___ TASK INPUT

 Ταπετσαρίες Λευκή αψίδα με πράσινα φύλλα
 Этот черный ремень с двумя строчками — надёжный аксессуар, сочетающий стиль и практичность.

______
___ TASK INPUT

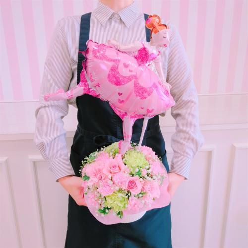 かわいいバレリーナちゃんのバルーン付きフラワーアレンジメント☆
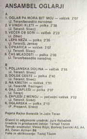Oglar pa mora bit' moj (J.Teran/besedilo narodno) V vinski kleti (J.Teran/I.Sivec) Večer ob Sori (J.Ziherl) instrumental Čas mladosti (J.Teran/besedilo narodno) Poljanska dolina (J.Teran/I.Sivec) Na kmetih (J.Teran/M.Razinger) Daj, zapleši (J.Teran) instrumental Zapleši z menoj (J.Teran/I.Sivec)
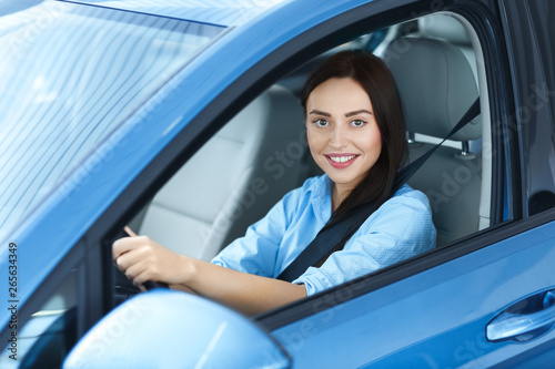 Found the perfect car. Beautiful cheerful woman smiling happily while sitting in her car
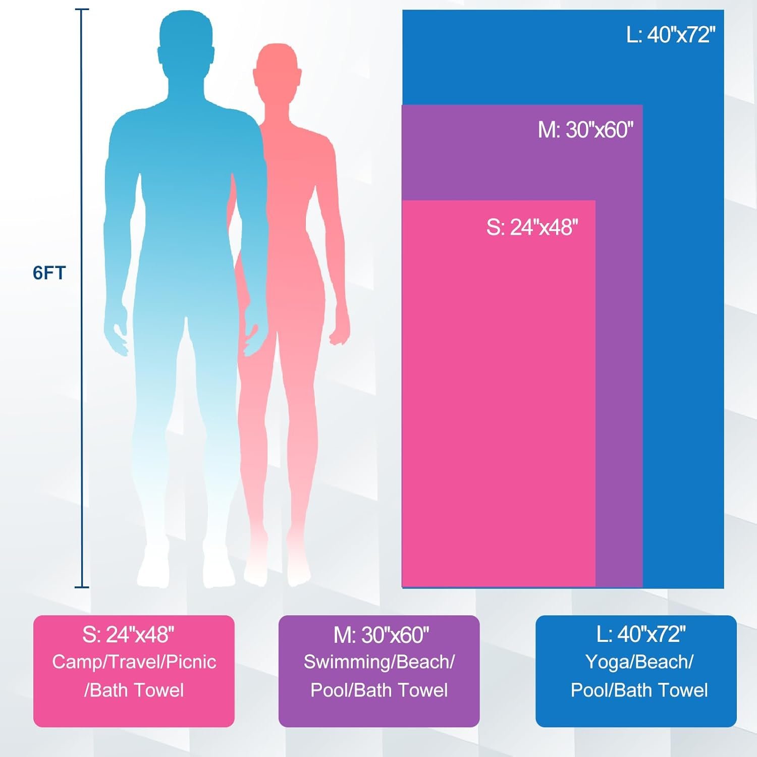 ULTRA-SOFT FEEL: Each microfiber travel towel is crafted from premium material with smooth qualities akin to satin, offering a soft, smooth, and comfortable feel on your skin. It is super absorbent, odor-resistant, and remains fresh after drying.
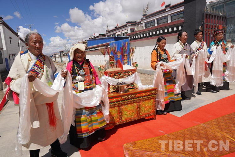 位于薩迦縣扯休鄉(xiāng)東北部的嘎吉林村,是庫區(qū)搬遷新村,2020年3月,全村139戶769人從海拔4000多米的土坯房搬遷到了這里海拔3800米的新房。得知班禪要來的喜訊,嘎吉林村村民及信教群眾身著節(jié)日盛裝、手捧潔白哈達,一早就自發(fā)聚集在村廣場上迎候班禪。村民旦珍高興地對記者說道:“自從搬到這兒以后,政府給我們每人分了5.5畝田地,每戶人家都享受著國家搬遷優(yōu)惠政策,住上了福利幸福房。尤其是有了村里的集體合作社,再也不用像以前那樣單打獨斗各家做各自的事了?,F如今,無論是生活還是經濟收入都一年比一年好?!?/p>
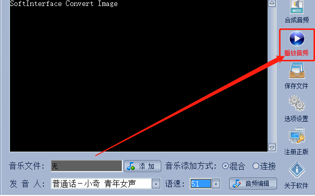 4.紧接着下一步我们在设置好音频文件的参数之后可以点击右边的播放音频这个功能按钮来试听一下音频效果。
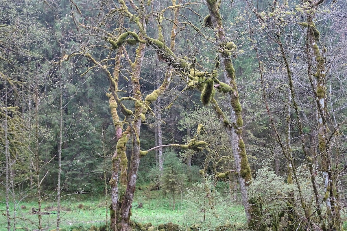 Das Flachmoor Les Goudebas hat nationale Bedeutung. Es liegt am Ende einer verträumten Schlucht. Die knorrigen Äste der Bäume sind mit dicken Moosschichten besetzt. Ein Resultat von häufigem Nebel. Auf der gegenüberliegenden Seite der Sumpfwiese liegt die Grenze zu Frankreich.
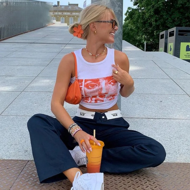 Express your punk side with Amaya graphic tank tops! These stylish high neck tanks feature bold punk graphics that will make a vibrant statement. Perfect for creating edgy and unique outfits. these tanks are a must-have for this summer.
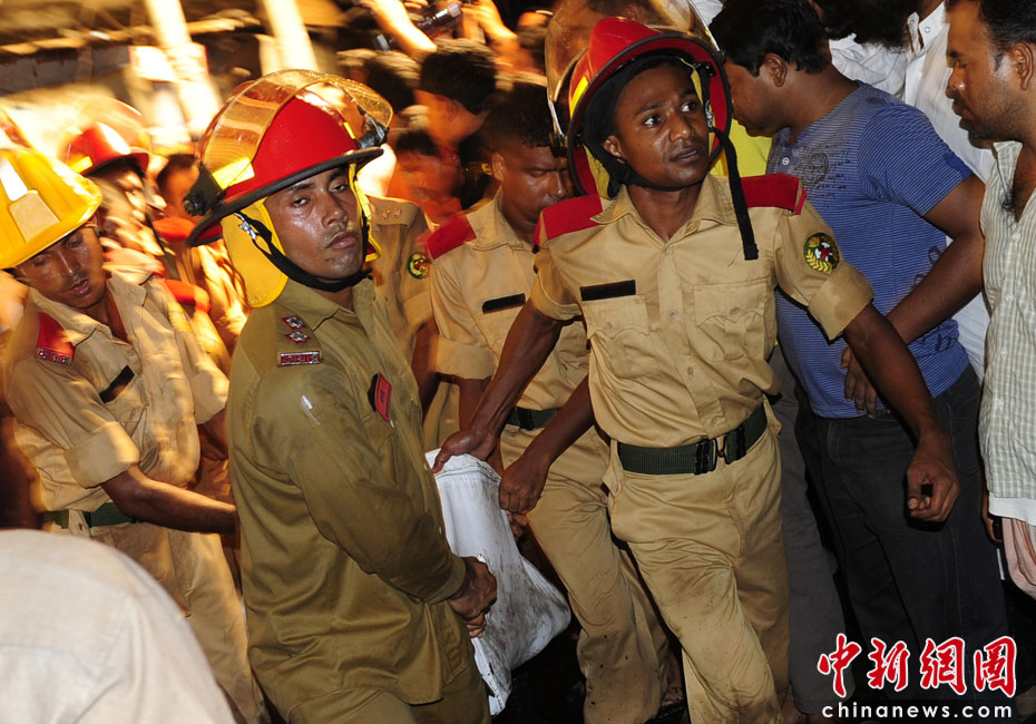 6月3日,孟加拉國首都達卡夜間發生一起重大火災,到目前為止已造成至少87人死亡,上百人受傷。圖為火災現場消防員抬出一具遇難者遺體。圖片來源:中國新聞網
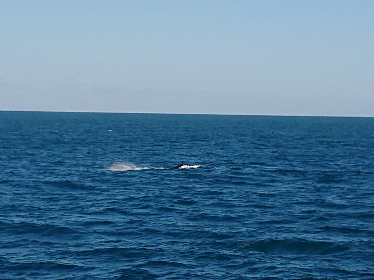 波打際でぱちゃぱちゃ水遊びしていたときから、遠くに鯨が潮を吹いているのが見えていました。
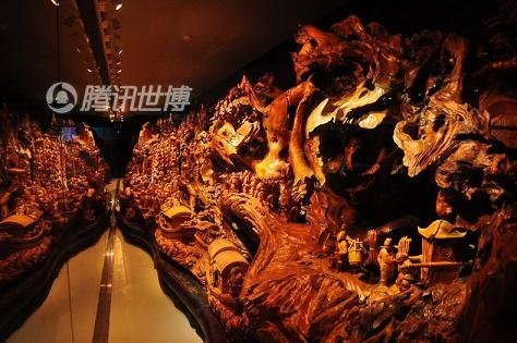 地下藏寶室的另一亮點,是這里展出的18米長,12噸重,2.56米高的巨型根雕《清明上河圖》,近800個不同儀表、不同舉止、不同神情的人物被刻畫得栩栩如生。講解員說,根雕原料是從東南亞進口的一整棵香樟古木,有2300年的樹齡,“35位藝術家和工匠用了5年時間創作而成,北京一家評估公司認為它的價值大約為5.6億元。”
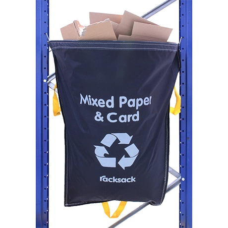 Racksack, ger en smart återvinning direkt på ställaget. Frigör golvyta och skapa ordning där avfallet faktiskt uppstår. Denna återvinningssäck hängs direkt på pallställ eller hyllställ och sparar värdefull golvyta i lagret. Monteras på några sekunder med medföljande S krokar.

______

* WORK ORDER: Skipping the pictures, print the lines in the listing above exactly as written, starting at the line with "Found the perfect" and ending at the line with "Racksack, ger en", both included.

* PROBLEM SOLUTION:
 Found the perfect car. Beautiful cheerful woman smiling happily while sitting in her car
 ULTRA-SOFT FEEL: Each microfiber travel towel is crafted from premium material with smooth qualities akin to satin, offering a soft, smooth, and comfortable feel on your skin. It is super absorbent, odor-resistant, and remains fresh after drying.
 位于薩迦縣扯休鄉(xiāng)東北部的嘎吉林村,是庫區(qū)搬遷新村,2020年3月,全村139戶769人從海拔4000多米的土坯房搬遷到了這里海拔3800米的新房。得知班禪要來的喜訊,嘎吉林村村民及信教群眾身著節(jié)日盛裝、手捧潔白哈達,一早就自發(fā)聚集在村廣場上迎候班禪。村民旦珍高興地對記者說道:“自從搬到這兒以后,政府給我們每人分了5.5畝田地,每戶人家都享受著國家搬遷優(yōu)惠政策,住上了福利幸福房。尤其是有了村里的集體合作社,再也不用像以前那樣單打獨斗各家做各自的事了?,F如今,無論是生活還是經濟收入都一年比一年好?!?/p>
 4.紧接着下一步我们在设置好音频文件的参数之后可以点击右边的播放音频这个功能按钮来试听一下音频效果。
 Das Flachmoor Les Goudebas hat nationale Bedeutung. Es liegt am Ende einer verträumten Schlucht. Die knorrigen Äste der Bäume sind mit dicken Moosschichten besetzt. Ein Resultat von häufigem Nebel. Auf der gegenüberliegenden Seite der Sumpfwiese liegt die Grenze zu Frankreich.
 Express your punk side with Amaya graphic tank tops! These stylish high neck tanks feature bold punk graphics that will make a vibrant statement. Perfect for creating edgy and unique outfits. these tanks are a must-have for this summer.
 6月3日,孟加拉國首都達卡夜間發生一起重大火災,到目前為止已造成至少87人死亡,上百人受傷。圖為火災現場消防員抬出一具遇難者遺體。圖片來源:中國新聞網
 波打際でぱちゃぱちゃ水遊びしていたときから、遠くに鯨が潮を吹いているのが見えていました。
 地下藏寶室的另一亮點,是這里展出的18米長,12噸重,2.56米高的巨型根雕《清明上河圖》,近800個不同儀表、不同舉止、不同神情的人物被刻畫得栩栩如生。講解員說,根雕原料是從東南亞進口的一整棵香樟古木,有2300年的樹齡,“35位藝術家和工匠用了5年時間創作而成,北京一家評估公司認為它的價值大約為5.6億元。”
 Racksack, ger en smart återvinning direkt på ställaget. Frigör golvyta och skapa ordning där avfallet faktiskt uppstår. Denna återvinningssäck hängs direkt på pallställ eller hyllställ och sparar värdefull golvyta i lagret. Monteras på några sekunder med medföljande S krokar.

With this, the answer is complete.